AI · 8 min read · April 24, 2026
Supervised Learning Has Built-In Geometric Blindness
Mathematical proof shows empirical risk minimization must preserve sensitivity to label-correlated but test-irrelevant features—a structural constraint, not a training bug.
Supervised learning mathematically requires encoders to retain sensitivity to training-label correlations that don't generalize, creating an unavoidable geometric constraint.
- — ERM imposes necessary Jacobian sensitivity in directions correlated with labels but irrelevant at test time.
- — This constraint unifies four separate empirical phenomena: non-robust features, texture bias, corruption fragility, robustness-accuracy tradeoff.
- — Trajectory Deviation Index (TDI) directly measures this blind spot; standard metrics like Frobenius norm miss it.
- — PGD adversarial training achieves high Jacobian magnitude but poor clean-input geometry (TDI 1.336 vs PMH 0.904).

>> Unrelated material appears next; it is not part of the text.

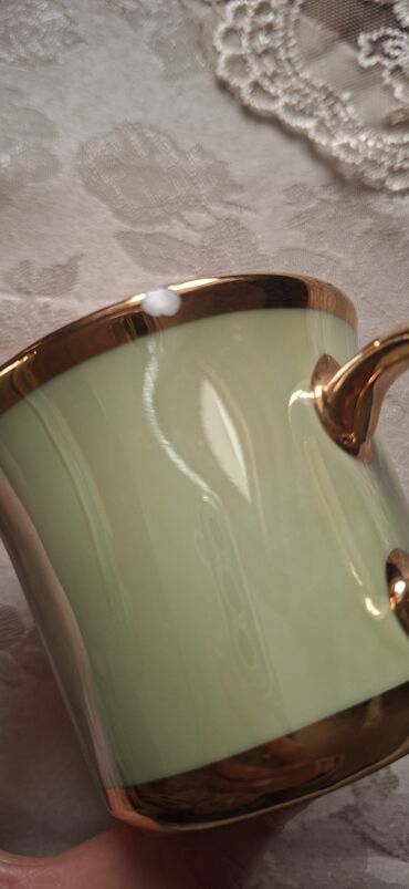 Kofe dəsti qədimi.yeni kimidir.çaşkanın birində kiçik qopma var.lakı qopub balaca.zər hissəsində.

- — Blind spot worsens in larger language models (ratio 0.860→0.742 from 66M to 340M parameters).
- — Task-specific ERM fine-tuning amplifies the blind spot by 54%; PMH repairs it 11x with one Gaussian-form training term.
- — Defect appears at foundation-model scale across vision, NLP, and multimodal architectures (CLIP, DINO, SAM, ViT-B/16).
- — Proposition 5 proves the repair term is the unique perturbation law that uniformly penalizes encoder Jacobian.
Frequently asked
- It is a mathematical necessity of empirical risk minimization: any encoder trained to minimize supervised loss must retain non-zero sensitivity (Jacobian) in directions that correlate with training labels but are irrelevant at test time. This is not a bug in current methods but a structural property of the supervised objective itself, proven in Theorem 1.